Tony Ataviano, CEO, Liontown Resources: Thank you, John. Comprehensive as ever. Now if we move to the next slide, Billy. Let’s talk about the market. Okay.

So I want to spend a little bit of time on this. I think you’ve seen from the various other lithium producers that have delivered their quarterly results, We’re all in agreement, and the various forecasters are seeing this as well, that the demand signals are strong, and they will continue to be strong. There are sectors of the battery market that are outperforming. Stationary batteries is one of those. And if we look at recent results from BYD and CATL, profit margins are strong for the end users of our product.

And if you look at the at the views of the world, WoodMac versus CATL, and we got this from their recent, prospectus where they’ve listed on the Hong Kong Exchange, their view as a battery producer is far, far stronger than the forecasters. So they’re seeing an 83% increase on EV demand over the next five years, but they’re seeing an even stronger increase in stationary batteries. So what is happening here? Why aren’t we seeing a corresponding increase in the price of raw materials? And the fundamental reason as we see it here in Linetown is the length of the battery value chain.

There is inventory scattered throughout the the value chain, and it’s that inventory that buffers. So if you have a demand increase, a demand signal, it will take time to work through the inventory that’s contained in the battery value chain. So you have inventory at the car manufacturers. You have inventory in the battery producers. You have inventory at the PCAM and so on at the refineries.

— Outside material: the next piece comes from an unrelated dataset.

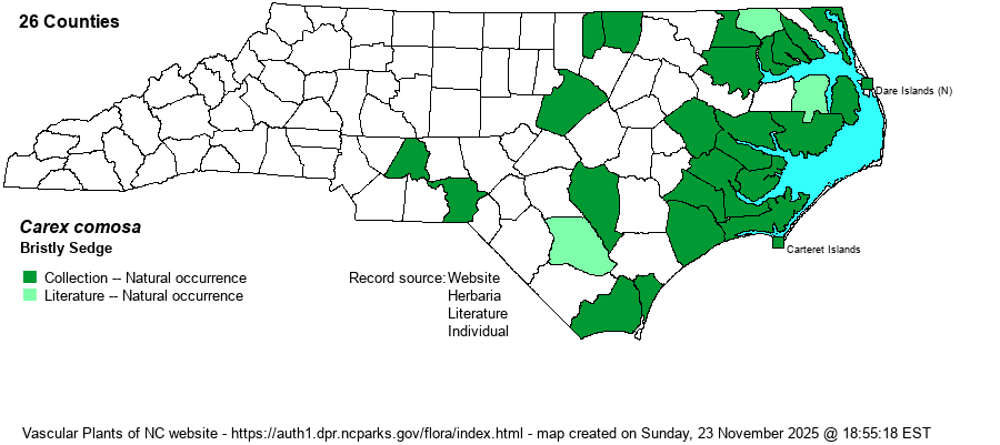 | Habitat | Open, nutrient-rich, riverside marshes (fresh to oligohaline), oxbow marshes, interdune marshes, beaver ponds, ditches. Favors sunny wetlands more than most Carex species. |

And until that works through, we won’t see an impact to the price directly. But the positive angle is the demand signal is strong. Now on supply, I can tell you that at the current prices, the incentive signal is nonexistent. It will disincentivize and it has disincentivized exploration, brownfields expansions and new projects. And we know having done this ourselves, it will take years for new greenfields capacity to come on even if they started today.

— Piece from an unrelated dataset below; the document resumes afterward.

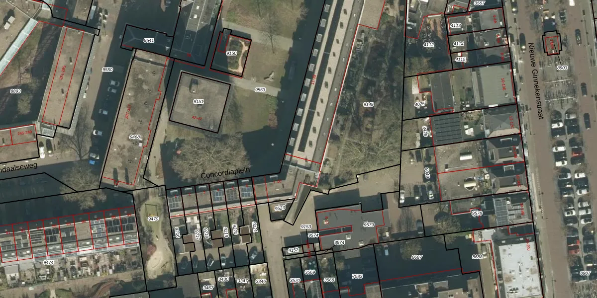 Concordiaplein 39 is gelegen op kadastraal perceel BDA00A9149. Deze kadastrale aanduiding is uniek en wordt gebruikt door het Kadaster om eigendomsrechten en andere zakelijke rechten vast te leggen. Het perceel maakt onderdeel uit van de kadastrale gemeente Breda.
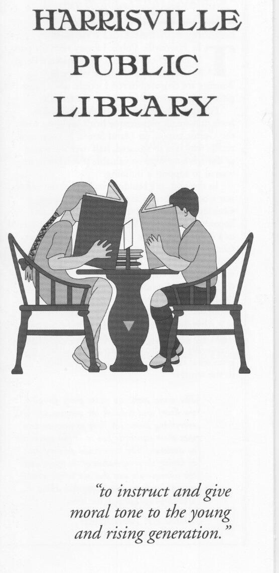 Pamphlet contains brief history, staff, trustees, and hours of service of the Harrisville Public Library. Not dated but probably current in 2005.

So at some point, this will correct and correct strongly because you cannot suppress the raw material supply as it’s currently being done for as long as they anticipate without a material impact, and we’re seeing that. And we know a number of players right across the battery value chain, the refiners, the Pecan producers, they’re not making money. So we’re encouraged about the short to medium term in terms of demand signals, but we see a turnaround coming because at these prices, we won’t see new supply. So that brings our presentation to an end. Thank you, everyone.

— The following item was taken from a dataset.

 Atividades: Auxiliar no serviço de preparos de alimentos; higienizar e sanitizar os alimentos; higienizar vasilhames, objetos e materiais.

And now we’ll open up to Q and A.

Billy, Meeting Moderator: Thank you, Tony. If you have not yet submitted your text questions or joined the live audio queue, Our first question is from John Bishop, Jardan Group Australia. John, please go ahead after the beep.

John Bishop, Analyst, Jardan Group Australia: Good morning, guys. Thanks very much for taking my questions. Firstly, congratulations on the continued impressive ramp up. I think technically the performance of the operations very commendable and obviously bearing out the results. Well done, well done to the team in that regard.

Obviously, lithium prices at the moment aren’t doing you guys much by way of favor. So I guess my first question is around, obviously, the guidance you’ve indicated at the top end of the cost range for the fiscal year or for the June, which worked out at current exchange around US825 dollars per tonne, SC6 equivalent. Obviously, fast markets are now printing with a seven handle. And the all in sustaining cost is obviously impacted a little bit by stockpile movements and accounting treatments, but it also doesn’t fully factor in the underground or the freight element. So very long winded question, but what sort of additional elements are you looking to manage that cost and I guess ensure that you can maintain operating free cash flow?

Tony Ataviano, CEO, Liontown Resources: Thanks, Bish. I’ll take that and let the team chime in. There’s a couple of points to unpick your question. Firstly, I want to sort of head off the cost of the issue of underground costs. Our guidance already factors in three months of underground production, so that’s the first thing.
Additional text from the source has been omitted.